Innovation Blog
Playback Theatre: A Case Study in Scale-Up
By Shlomo Maital
Two awful disasters occur to inventors. One is, their invention fails. The second is, their invention succeeds!
Succeeds? Why is that a disaster?
Because very often, innovators are not prepared for success, and are unable to scale up and globalize quickly.
An exception is Playback Theatre. Playback Theatre is an original form of improvisational theatre in which audience or group members tell stories from their lives and watch them enacted on the spot. Playback Theatre is sometimes considered a modality of drama therapy.
“I was sitting in a coffee shop, drinking hot chocolate”, recalls founder Jonathan Fox. I pictured a small audience, people who’d be ready to act out the story of their community. I had done experimental theatre that would get close to the community in godforsaken places….Over the years, the vision expanded and took on therapeutic dimension.”
Fox began the world’s first Playback Theatre in New York in 1975. His wife, musician Jo Salas, helped him. Today there are eight branches around the world, including one in Israel. The idea scaled quickly.
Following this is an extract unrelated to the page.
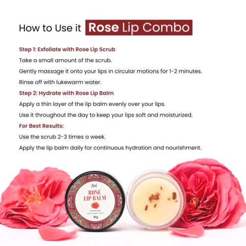 The combination of the rose lip scrub and rose lip balm is amazing! The scrub gently removes and the lip balm keeps my lips feeling very smooth. This has made such a difference in my lip care routine. Its been 1 month now 🙏😊😊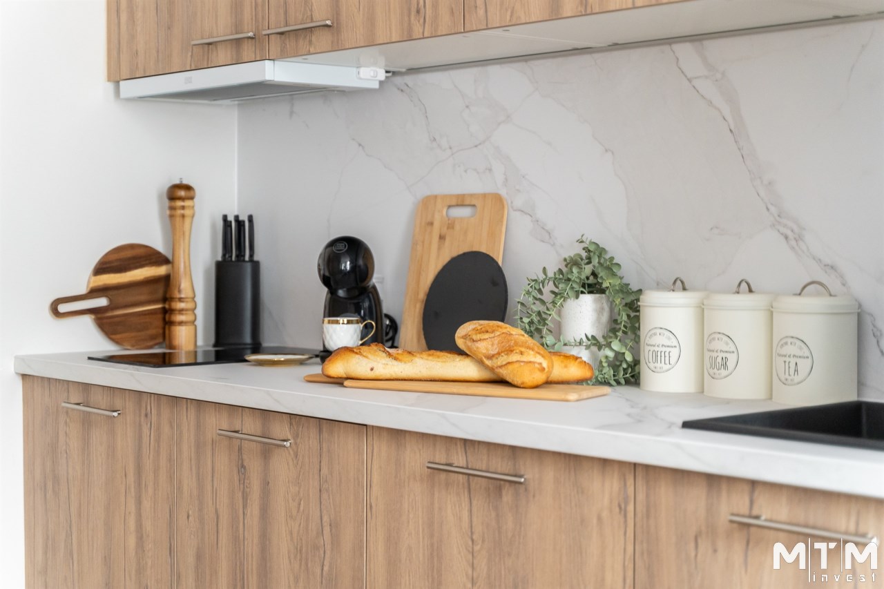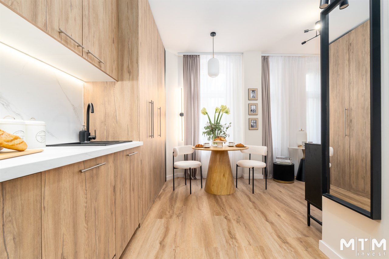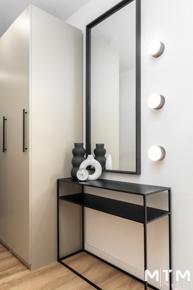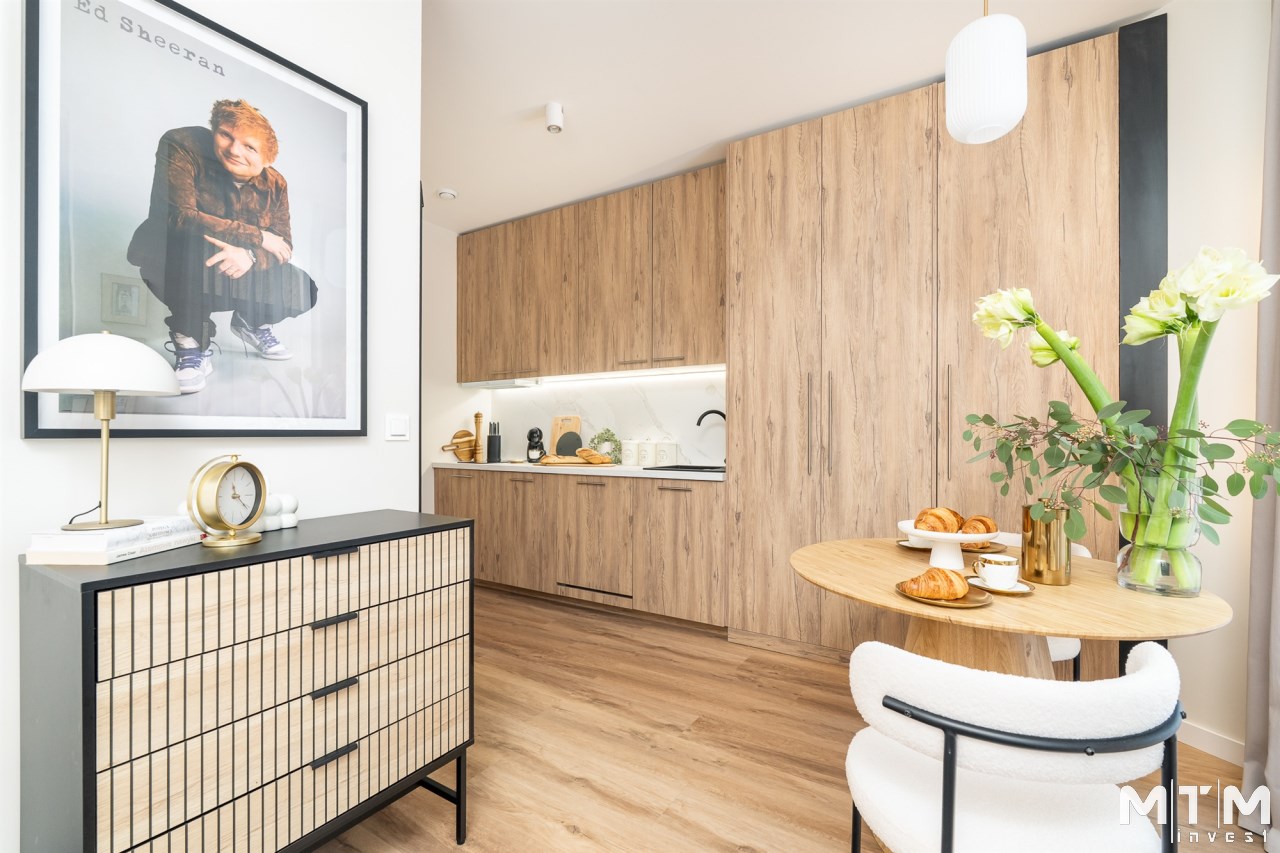 Mieszkanie po remoncie kapitalnym, o wschodniej ekspozycji okien. Pokój dzienny z aneksem kuchennym, łazienka i korytarz. W pokoju i korytarzu na podłodze panele, ściany wygładzone, malowane. W pokoju wypoczynek, stół, dwa krzesła, komoda oraz szafa ubraniowa. Łazienka w glazurze i terakocie, kabina prysznicowa, muszla podwieszana typu geberit, umywalka, meble łazienkowe, lustro, pralka. Kuchnia kompletnie umeblowana i wyposażona: lodówka podblatowa, płyta elektryczna, okap, zmywarka, mikrofala.

Here is an example of Playback Theatre, as enacted recently in Tel Aviv: (source: Haaretz Magazine, April 9, 2010): A small intimate theatre. Mostly women in the audience. A pianist and 6 actors are ready. People introduce themselves to one another. The emcee invites a volunteer from the audience to tell a personal story. Actors are then selected for roles. A women sits in the ‘teller’s seat’, and relates, how 23 years ago, she was called to the phone and told her father had died. ‘I wanted to open the coffin and laughed…I ….decided to say good-bye in a different way. So a week later I went to the cemetery and lit a memorial candle and played the tango melodies he loved.’ The actors begin. They dance a tango on the stage. “Laugh! Let her laugh! ” They shout. “Dad you went too soon. But I am so proud of you and myself. You can hear me, can’t you?!”….. Applause.
If your idea fails…it dies. If it succeeds — how will keep it authentic, true to your vision, while spreading it around the world? Study Playback and other successful innovations. And above all — think ahead! What if my idea catches on like wildfire? What will I do? How will I scale up? Better to think ahead, than scramble to catch up — by then it’s too late.